# TT QS was detailed yesterday... wow! (pic heavy)



## iGenie (May 4, 2016)

The guy who did my car yesterday posted this and the pictures up on Facebook and honestly the car looks brand new now... I was so shocked at how amazing he done and how good it looks! Although after driving it down the motorway tonight the front is covered in thousands of dead bugs arghhhhhhhh!



> Saturdays all day paint correction on a lovely limited edition Audi TT..Extensive small scratches to every panel including the roof and roof pillars.This post is picture heavy but I feel it shows just how much work goes into a full paint correct and protect.


----------



## iGenie (May 4, 2016)

And another one from before he started (this should have been the first image but could only have 20 on one post)
And here is an after too!


----------



## YELLOW_TT (Feb 25, 2004)

Lookalike a top job 8)


----------



## Gonzalo1495 (Oct 13, 2014)

What camera is this? Looks superb


----------



## TTQS1 (Oct 14, 2013)

Looks superb, I bet your pleased with the result. 8)

I use a detailer regularly for my cars & wouldn't trust them to anyone else. Money well spent IMO & just a question of maintenance to keep them looking sharp.


----------



## iGenie (May 4, 2016)

YELLOW_TT said:


> Lookalike a top job 8)


Thank you mate 



Gonzalo1495 said:


> What camera is this? Looks superb


Thanks mate, the last picture from the front is on an iPhone6 and the other photos I think were on his phone too which was some android thing.



TTQS1 said:


> Looks superb, I bet your pleased with the result. 8)
> 
> I use a detailer regularly for my cars & wouldn't trust them to anyone else. Money well spent IMO & just a question of maintenance to keep them looking sharp.

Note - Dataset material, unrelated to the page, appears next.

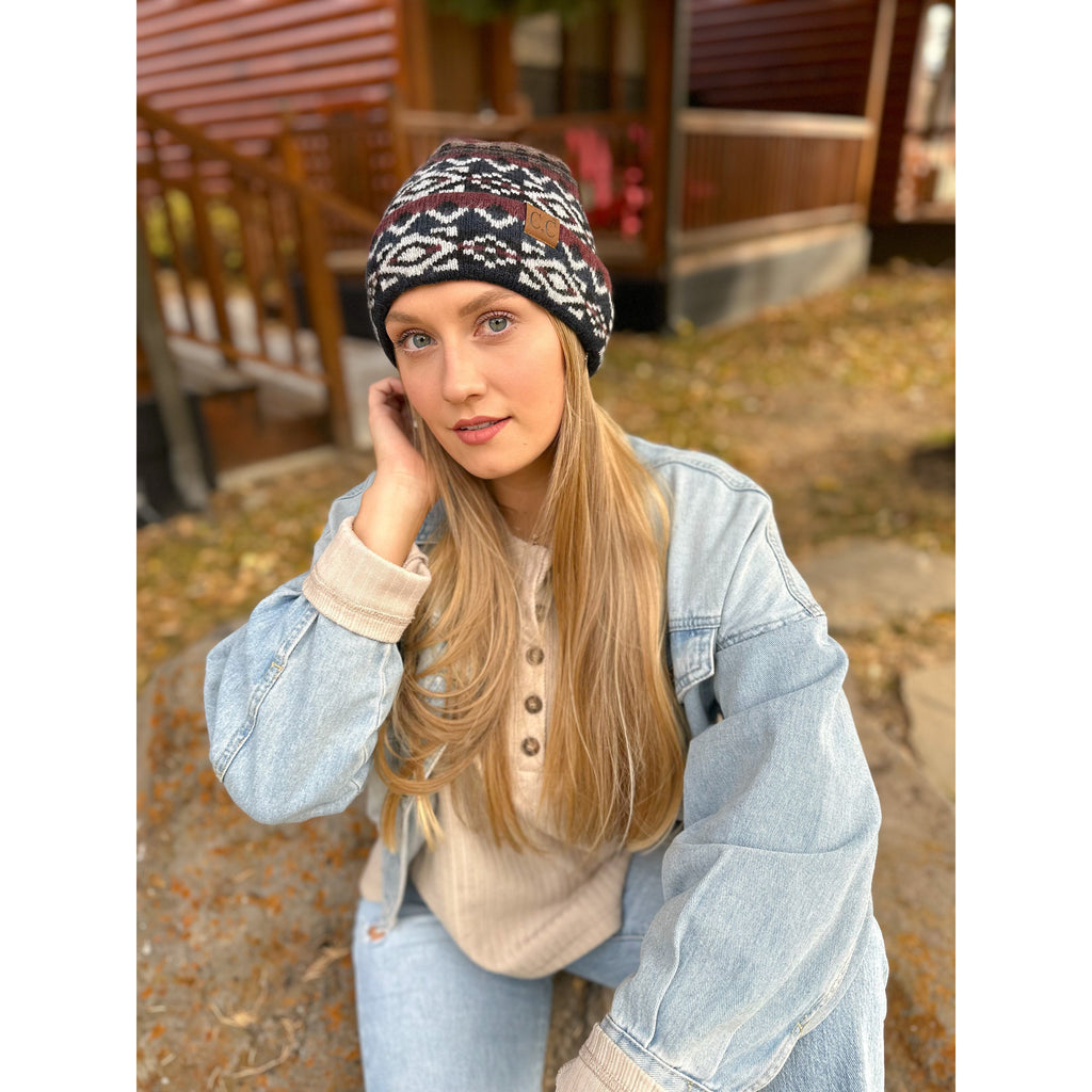 This stylish Aztec pattern beanie offers rustic charm and timeless warmth, made from part recycled materials. It blends sustainability with cozy comfort, making it the perfect accessory for crisp autumn walks and chilly winter days. Its strong, traditional knit pattern brings a touch of heritage style, while the soft, stretchy fit keeps you snug without sacrificing comfort. Pair it with your favourite fall sweater or winter coat for an effortlessly chic look.

Yea' mate I'm well pleased the car looks brand new and really does sparkle now. I think it was money well spent and like you said just trying to maintain and keep it looking as beautiful.... I want the air con re gassed but I'm scared of taking it to the garage to have anything done to it at the moment haha!


----------



## TTQS1 (Oct 14, 2013)

iGenie said:


> YELLOW_TT said:
> 
> 
> > Lookalike a top job 8)
> ...


That's the next problem! Finding a garage to trust to work on it.

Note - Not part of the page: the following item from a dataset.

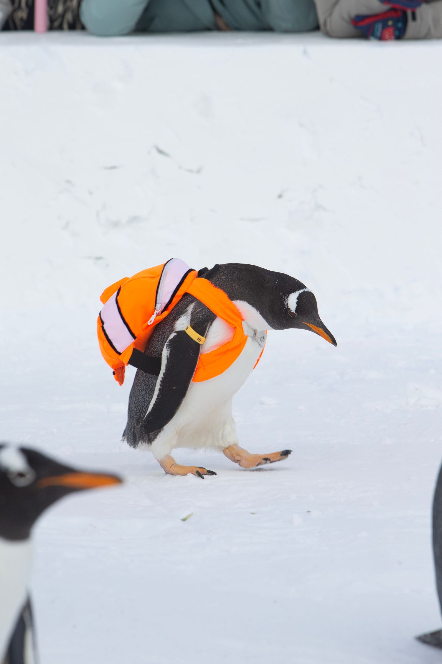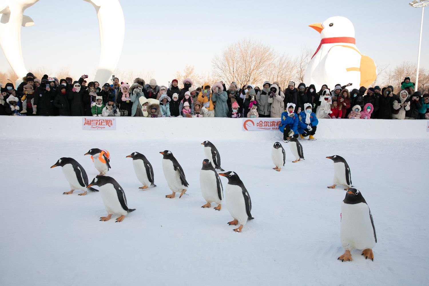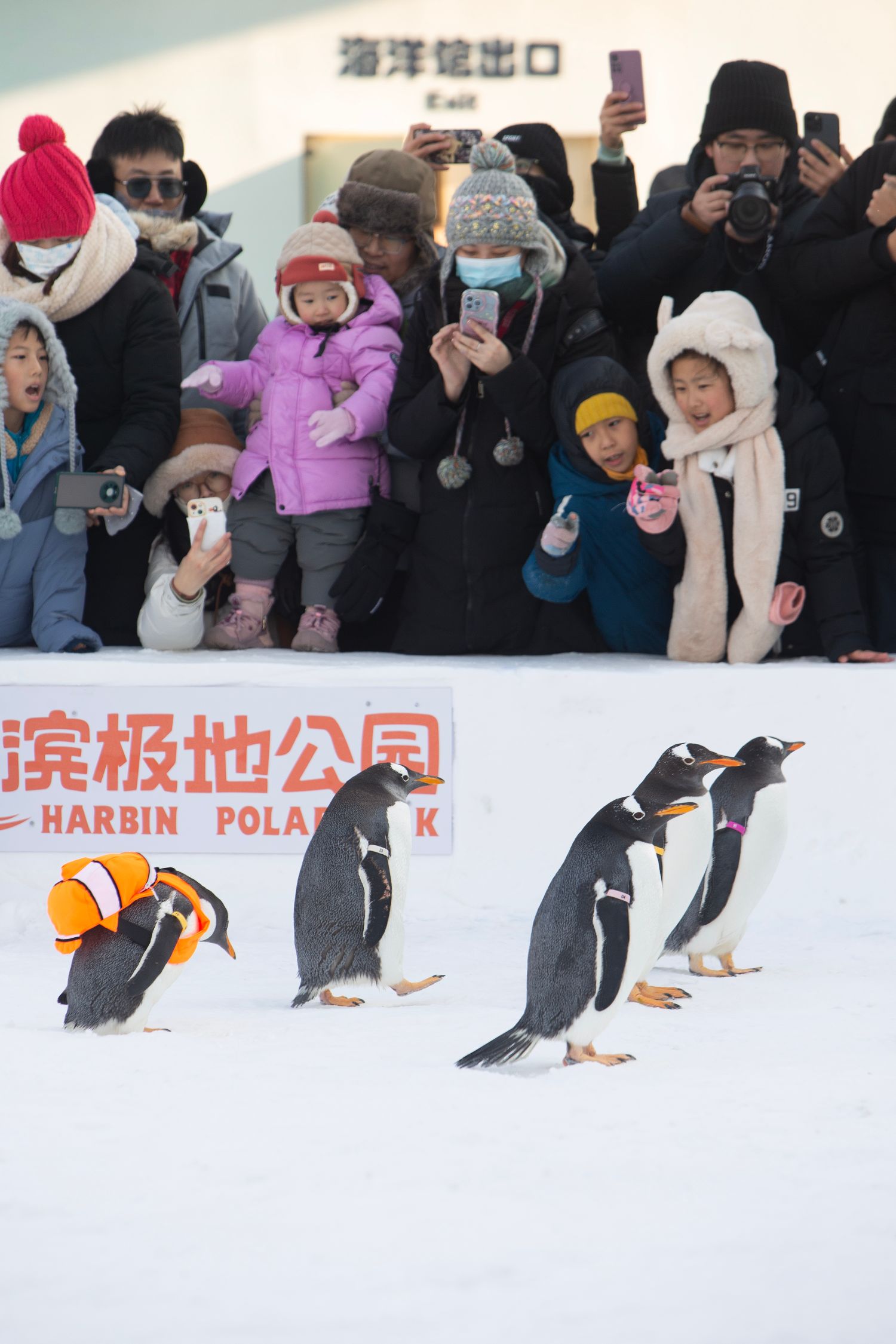 12月23日,黑龙江哈尔滨极地公园“淘学企鹅”冰雪大巡游正式启动,企鹅们在雪地上悠然踱步的样子呆萌可爱,吸引众多游客围观、拍照。(图片来源:中新社)

I'm very fussy who i let work on my car, it is after all your car & your money your spending, so any decent garage should respect that. If not don't use them again. I'm sure if you ask on here some one in your area will point you in the right direction.


----------



## Reasty (Feb 6, 2015)

If you are looking for a reputable garage that you can trust to work on the TT then try the phirm in lightwater,i know the guys very well and they can be trusted 100% and there work is to the highest of standards,im very fussy with my cars and these guys are the ONLY people who work on my TT and also on my mk2 golf.


----------



## iGenie (May 4, 2016)

Reasty said:


> If you are looking for a reputable garage that you can trust to work on the TT then try the phirm in lightwater,i know the guys very well and they can be trusted 100% and there work is to the highest of standards,im very fussy with my cars and these guys are the ONLY people who work on my TT and also on my mk2 golf.


Sweet mate thank you very much for that I will give them a look up and check them out thanks


----------



## Reasty (Feb 6, 2015)

iGenie said:


> Reasty said:
> 
> 
> > If you are looking for a reputable garage that you can trust to work on the TT then try the phirm in lightwater,i know the guys very well and they can be trusted 100% and there work is to the highest of standards,im very fussy with my cars and these guys are the ONLY people who work on my TT and also on my mk2 golf.
> ...


No problem mate,i may see you driving around as i only live in farnborough! :wink:


----------



## iGenie (May 4, 2016)

Reasty said:


> iGenie said:
> 
> 
> > Reasty said:
> ...


Haha awesome mate, I work in Farnborough so you more than likely will! What TT do you drive I'll try and keep an eye out for you haha.


----------



## rlszer (Jun 9, 2014)

Reasty, aren't the Phirm now at Blackwater, on the small industrial est?

iGene, they have a good rep, bit more expensive than some but cheaper than MD.

I live in Mytchett, and have always been able to get Audi to PM, Indies - Guildford more compliant.

Ron


----------



## Reasty (Feb 6, 2015)

Sorry! yeh i meant blackwater not lightwater,they are abit more expensive but they do things the right way and can be trusted.


----------



## iGenie (May 4, 2016)

Sweet mate got a re gas booked in Thursday so will see what they are like.


----------



## darylbenfield (Jun 29, 2011)

I've got one of these coming in this afternoon for a full detail, great work btw!


----------



## YELLOW_TT (Feb 25, 2004)

darylbenfield said:


> I've got one of these coming in this afternoon for a full detail, great work btw!


Get some pictures up when it's finished


----------



## darylbenfield (Jun 29, 2011)

Will do, video currently in the works.


----------